(Problem): Using the records below, transcribe word for word the stretch from the line that contains "Эти сообщения об" through the line that contains "KTC 27英寸2K 100Hz IPS高清屏 爱眼 低蓝光不闪屏", both end lines included, and nothing else.

(Material supplied):
====
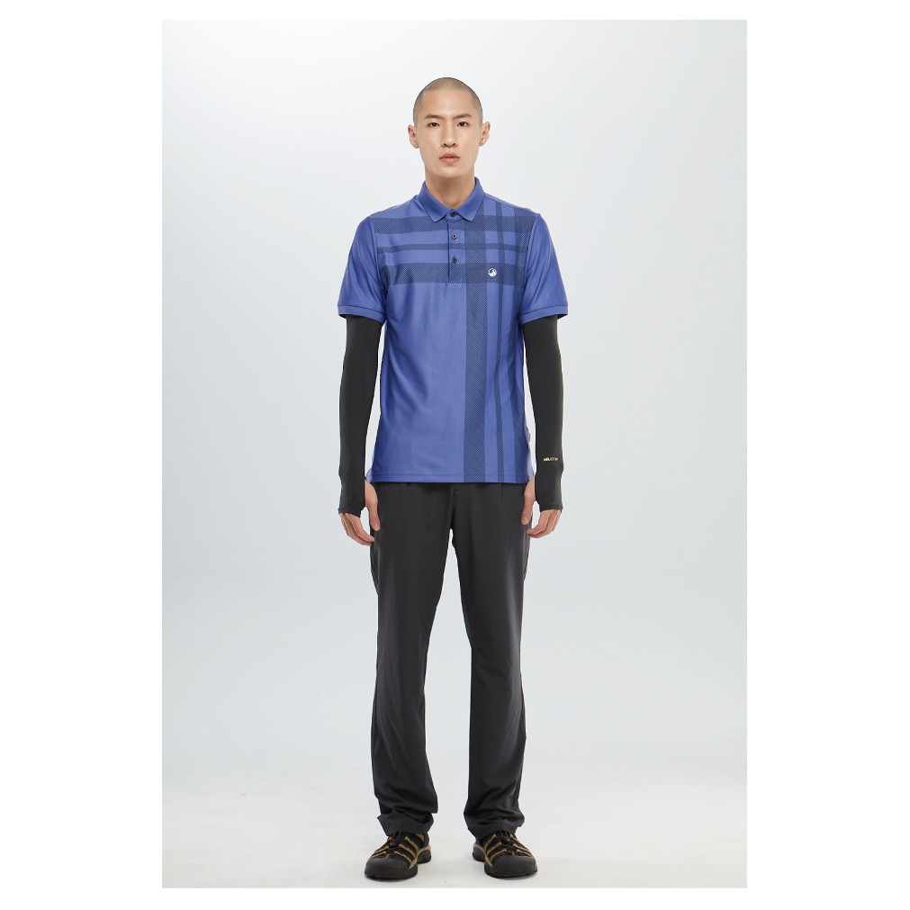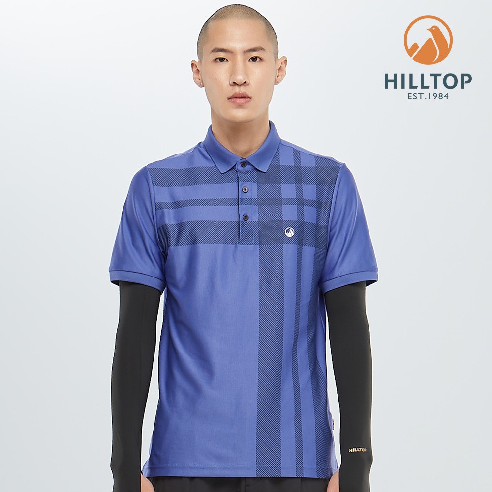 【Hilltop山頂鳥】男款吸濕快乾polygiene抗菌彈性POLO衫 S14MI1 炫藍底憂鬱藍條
====
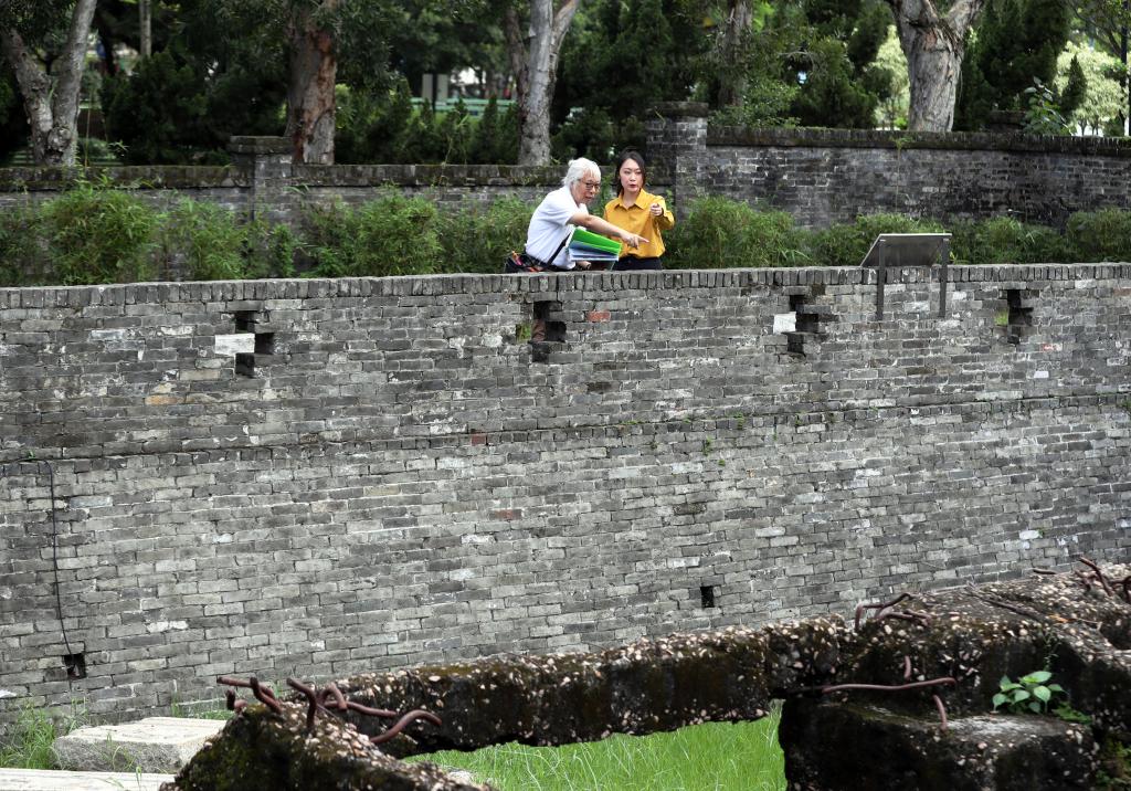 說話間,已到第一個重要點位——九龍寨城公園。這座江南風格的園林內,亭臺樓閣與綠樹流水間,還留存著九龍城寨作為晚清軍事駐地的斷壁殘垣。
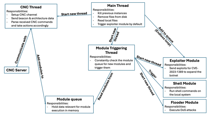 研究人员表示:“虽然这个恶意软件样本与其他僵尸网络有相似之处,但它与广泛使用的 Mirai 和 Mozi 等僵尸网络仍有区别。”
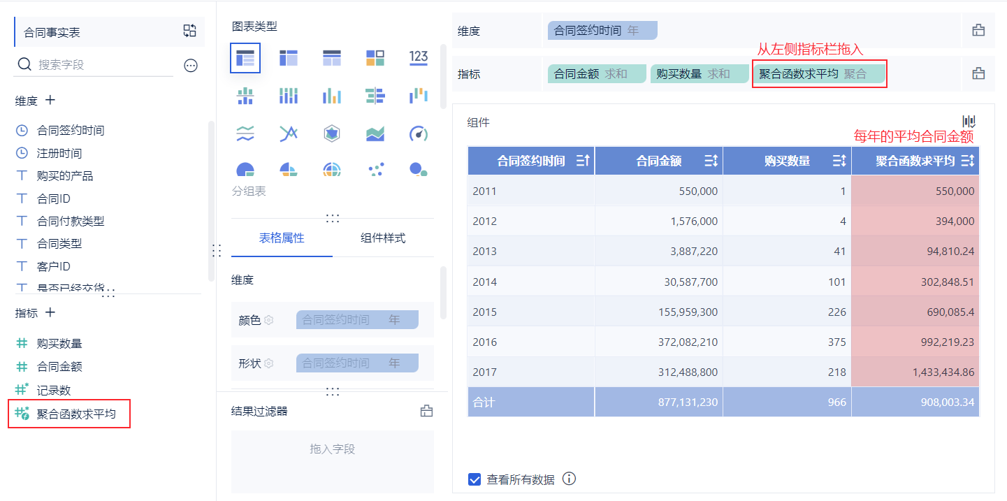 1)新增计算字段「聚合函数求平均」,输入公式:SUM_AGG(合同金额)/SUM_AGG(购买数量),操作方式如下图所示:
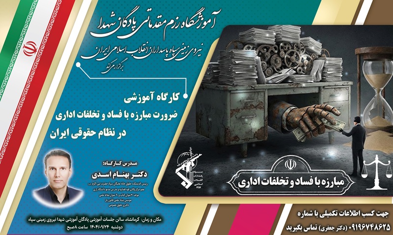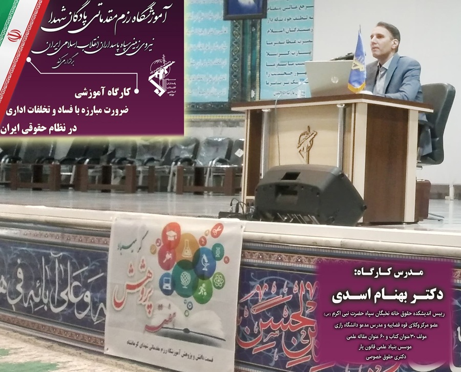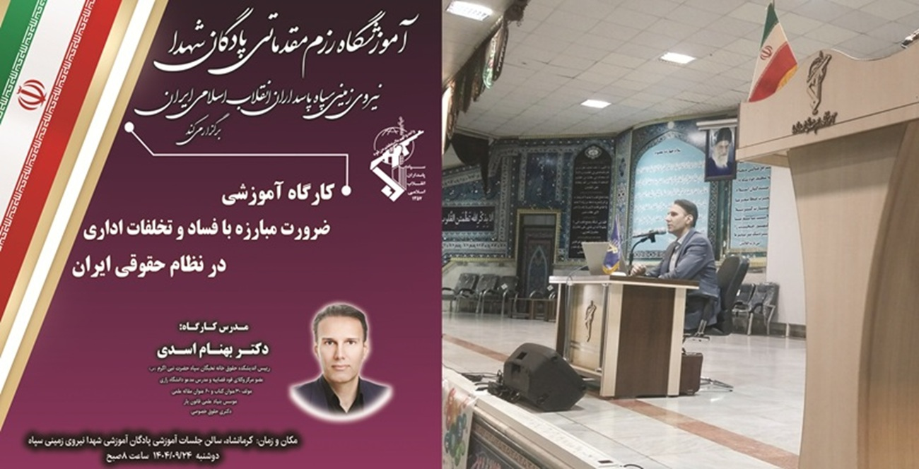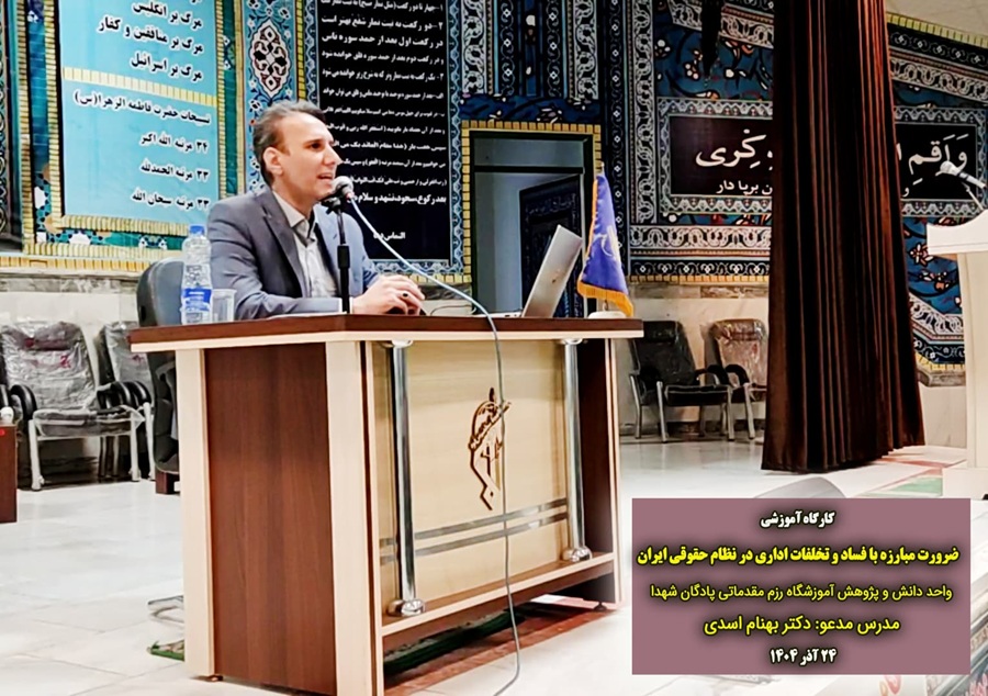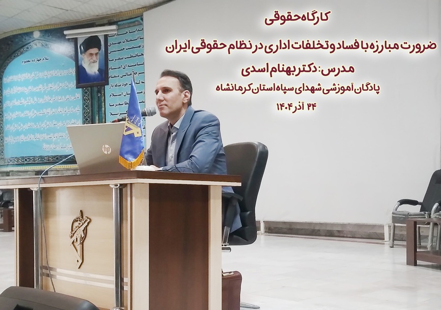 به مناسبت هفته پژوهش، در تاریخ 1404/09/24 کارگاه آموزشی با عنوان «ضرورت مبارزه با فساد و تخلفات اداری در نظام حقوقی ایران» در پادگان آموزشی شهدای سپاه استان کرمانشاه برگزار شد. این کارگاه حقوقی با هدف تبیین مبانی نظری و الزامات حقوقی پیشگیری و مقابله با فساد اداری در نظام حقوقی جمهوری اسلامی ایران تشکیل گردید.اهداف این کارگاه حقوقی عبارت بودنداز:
====
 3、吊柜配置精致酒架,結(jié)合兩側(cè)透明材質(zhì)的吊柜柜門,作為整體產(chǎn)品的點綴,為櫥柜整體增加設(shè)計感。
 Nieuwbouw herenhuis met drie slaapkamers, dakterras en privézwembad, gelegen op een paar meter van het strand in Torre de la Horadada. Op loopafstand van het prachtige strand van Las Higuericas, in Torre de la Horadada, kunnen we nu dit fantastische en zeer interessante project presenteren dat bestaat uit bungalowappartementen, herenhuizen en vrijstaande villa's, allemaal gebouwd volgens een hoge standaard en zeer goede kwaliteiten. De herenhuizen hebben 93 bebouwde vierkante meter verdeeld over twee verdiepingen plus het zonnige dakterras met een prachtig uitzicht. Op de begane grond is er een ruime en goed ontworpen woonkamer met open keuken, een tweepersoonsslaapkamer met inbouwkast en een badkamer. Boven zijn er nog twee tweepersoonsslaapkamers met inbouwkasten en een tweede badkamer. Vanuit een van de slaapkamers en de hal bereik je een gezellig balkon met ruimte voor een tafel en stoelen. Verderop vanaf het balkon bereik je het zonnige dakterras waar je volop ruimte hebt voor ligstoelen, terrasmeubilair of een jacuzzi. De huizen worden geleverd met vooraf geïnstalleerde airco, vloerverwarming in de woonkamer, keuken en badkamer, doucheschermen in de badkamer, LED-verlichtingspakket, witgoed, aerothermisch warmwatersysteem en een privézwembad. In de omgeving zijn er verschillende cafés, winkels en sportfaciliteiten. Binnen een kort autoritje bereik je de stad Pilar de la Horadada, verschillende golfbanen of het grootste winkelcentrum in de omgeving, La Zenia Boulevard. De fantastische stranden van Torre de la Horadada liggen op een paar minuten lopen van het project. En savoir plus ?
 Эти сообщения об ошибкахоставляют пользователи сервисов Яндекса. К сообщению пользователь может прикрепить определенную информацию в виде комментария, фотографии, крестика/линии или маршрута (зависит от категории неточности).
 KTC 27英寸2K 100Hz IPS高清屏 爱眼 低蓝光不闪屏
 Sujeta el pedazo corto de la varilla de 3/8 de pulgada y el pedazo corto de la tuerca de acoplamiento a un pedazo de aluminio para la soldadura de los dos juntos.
====
(Response):
 Эти сообщения об ошибкахоставляют пользователи сервисов Яндекса. К сообщению пользователь может прикрепить определенную информацию в виде комментария, фотографии, крестика/линии или маршрута (зависит от категории неточности).
 KTC 27英寸2K 100Hz IPS高清屏 爱眼 低蓝光不闪屏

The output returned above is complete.